The Phishing-as-a-Service Pipeline: How a Scalable Fraud Ecosystem Is Driving Global Attacks
In this post, we examine how phishing-as-a-service (PhaaS) has evolved into a structured cybercrime ecosystem, how threat actors collaborate across infrastructure, delivery, and monetization layers, and why this model continues to drive large-scale financial fraud targeting global organizations.
Phishing is no longer a standalone tactic. It has matured into a service-based ecosystem where specialized actors provide each component of an attack lifecycle, from infrastructure and delivery to credential harvesting and cash-out.
Flashpoint analysts, working with partner financial institutions, have observed a growing number of PhaaS operations operating with a level of coordination and specialization more commonly associated with legitimate software platforms. These ecosystems bring together phishing kit developers, infrastructure providers, spam delivery services, and financially motivated actors into a single, scalable pipeline for fraud.
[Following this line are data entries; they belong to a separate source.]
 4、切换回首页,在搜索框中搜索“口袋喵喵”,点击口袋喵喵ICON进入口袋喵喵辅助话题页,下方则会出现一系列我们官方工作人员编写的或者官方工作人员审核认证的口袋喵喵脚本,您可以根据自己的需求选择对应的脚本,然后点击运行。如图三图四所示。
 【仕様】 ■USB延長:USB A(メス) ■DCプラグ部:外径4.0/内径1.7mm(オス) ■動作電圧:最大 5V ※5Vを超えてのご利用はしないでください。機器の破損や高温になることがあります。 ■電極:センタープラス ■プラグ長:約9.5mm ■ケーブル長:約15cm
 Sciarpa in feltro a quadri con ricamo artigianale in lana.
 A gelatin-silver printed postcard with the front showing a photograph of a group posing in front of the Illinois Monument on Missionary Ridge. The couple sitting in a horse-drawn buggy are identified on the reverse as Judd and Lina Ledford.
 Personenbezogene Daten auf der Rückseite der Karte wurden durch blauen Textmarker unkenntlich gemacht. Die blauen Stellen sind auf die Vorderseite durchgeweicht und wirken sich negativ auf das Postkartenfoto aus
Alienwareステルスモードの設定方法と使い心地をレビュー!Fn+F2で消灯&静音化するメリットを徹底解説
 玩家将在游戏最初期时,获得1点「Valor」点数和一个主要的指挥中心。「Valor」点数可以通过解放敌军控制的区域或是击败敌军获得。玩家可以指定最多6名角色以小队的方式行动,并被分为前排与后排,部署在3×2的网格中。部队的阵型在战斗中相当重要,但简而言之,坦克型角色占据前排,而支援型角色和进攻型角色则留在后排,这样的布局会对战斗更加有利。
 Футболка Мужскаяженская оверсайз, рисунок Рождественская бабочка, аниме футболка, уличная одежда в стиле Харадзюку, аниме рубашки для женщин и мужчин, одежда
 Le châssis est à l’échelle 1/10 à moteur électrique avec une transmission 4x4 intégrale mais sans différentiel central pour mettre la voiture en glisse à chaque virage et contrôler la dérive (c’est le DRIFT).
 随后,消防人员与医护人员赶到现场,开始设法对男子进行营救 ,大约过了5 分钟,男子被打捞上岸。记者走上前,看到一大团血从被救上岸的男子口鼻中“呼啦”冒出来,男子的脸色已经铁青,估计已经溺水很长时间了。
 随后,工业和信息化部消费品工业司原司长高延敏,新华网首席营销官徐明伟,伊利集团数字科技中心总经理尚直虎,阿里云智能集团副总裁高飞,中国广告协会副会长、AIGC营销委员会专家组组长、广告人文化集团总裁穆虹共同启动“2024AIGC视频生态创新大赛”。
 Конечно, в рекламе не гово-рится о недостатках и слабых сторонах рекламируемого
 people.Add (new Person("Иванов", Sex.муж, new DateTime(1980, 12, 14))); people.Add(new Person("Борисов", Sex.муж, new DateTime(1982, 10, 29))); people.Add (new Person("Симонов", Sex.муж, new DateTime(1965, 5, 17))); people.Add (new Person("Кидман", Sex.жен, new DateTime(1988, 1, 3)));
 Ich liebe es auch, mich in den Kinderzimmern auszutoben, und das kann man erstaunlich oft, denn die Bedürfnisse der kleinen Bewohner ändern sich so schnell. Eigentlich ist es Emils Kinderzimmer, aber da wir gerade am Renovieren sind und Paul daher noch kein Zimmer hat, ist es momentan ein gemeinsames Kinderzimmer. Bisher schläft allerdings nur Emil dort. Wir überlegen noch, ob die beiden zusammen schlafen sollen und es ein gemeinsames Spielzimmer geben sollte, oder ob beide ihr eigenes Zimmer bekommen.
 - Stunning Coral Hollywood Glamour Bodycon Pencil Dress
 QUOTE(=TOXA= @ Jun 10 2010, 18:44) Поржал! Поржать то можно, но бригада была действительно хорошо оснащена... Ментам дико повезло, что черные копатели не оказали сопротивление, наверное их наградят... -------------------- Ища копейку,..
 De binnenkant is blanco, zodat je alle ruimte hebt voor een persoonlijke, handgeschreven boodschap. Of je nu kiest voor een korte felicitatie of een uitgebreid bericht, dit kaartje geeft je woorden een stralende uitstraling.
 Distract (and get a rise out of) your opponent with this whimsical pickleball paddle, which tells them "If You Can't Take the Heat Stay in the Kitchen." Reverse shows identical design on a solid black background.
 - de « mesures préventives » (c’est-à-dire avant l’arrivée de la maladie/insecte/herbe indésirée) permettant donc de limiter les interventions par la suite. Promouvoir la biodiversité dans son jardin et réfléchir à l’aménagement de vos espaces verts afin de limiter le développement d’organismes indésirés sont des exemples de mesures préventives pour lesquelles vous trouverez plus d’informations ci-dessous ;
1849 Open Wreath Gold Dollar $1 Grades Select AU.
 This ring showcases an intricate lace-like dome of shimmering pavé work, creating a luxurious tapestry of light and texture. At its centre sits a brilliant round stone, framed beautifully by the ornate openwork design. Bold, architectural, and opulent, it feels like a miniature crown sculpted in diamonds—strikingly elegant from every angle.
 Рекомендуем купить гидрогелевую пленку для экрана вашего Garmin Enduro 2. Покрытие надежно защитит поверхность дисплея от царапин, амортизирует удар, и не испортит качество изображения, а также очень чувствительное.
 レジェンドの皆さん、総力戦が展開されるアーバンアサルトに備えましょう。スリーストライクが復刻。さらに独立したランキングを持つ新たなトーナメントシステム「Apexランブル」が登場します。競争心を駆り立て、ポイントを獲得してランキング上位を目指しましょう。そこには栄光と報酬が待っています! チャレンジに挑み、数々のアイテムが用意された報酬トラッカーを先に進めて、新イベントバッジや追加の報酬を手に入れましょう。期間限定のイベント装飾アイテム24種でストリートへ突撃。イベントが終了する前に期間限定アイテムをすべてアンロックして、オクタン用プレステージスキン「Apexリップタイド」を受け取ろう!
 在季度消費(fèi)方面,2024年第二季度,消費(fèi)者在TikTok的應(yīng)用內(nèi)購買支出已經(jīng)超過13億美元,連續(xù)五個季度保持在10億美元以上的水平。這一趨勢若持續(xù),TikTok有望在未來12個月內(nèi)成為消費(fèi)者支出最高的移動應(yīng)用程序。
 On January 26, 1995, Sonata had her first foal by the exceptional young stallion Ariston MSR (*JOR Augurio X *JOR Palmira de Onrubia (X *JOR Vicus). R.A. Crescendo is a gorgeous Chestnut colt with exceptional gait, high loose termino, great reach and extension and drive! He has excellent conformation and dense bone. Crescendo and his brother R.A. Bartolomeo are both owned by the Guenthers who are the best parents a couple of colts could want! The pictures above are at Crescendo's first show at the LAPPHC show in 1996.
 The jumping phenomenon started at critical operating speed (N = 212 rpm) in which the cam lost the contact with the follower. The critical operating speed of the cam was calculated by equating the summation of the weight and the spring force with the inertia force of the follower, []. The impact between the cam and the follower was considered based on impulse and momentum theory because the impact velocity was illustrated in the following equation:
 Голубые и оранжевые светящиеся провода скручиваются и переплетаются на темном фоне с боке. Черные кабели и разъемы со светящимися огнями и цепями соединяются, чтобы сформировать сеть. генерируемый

This shift has significantly lowered the barrier to entry for cybercriminals while increasing the scale, efficiency, and success rate of phishing campaigns.
From Phishing Kits to a Service-Based Fraud Economy
PhaaS emerged from early phishing kits into a full cybercrime-as-a-service model built on commercialization, modular tooling, and operational scalability.
Early phishing activity relied on standalone kits — basic login pages and scripts that allowed attackers to collect credentials. Over time, operators began centralizing these capabilities into subscription-based platforms offering hosting, domain management, campaign tooling, and ongoing support.
Modern PhaaS platforms now operate similarly to legitimate SaaS providers:
Subscription-based pricing models
Prebuilt templates for major brands and services
Integrated delivery mechanisms (email, SMS, QR phishing)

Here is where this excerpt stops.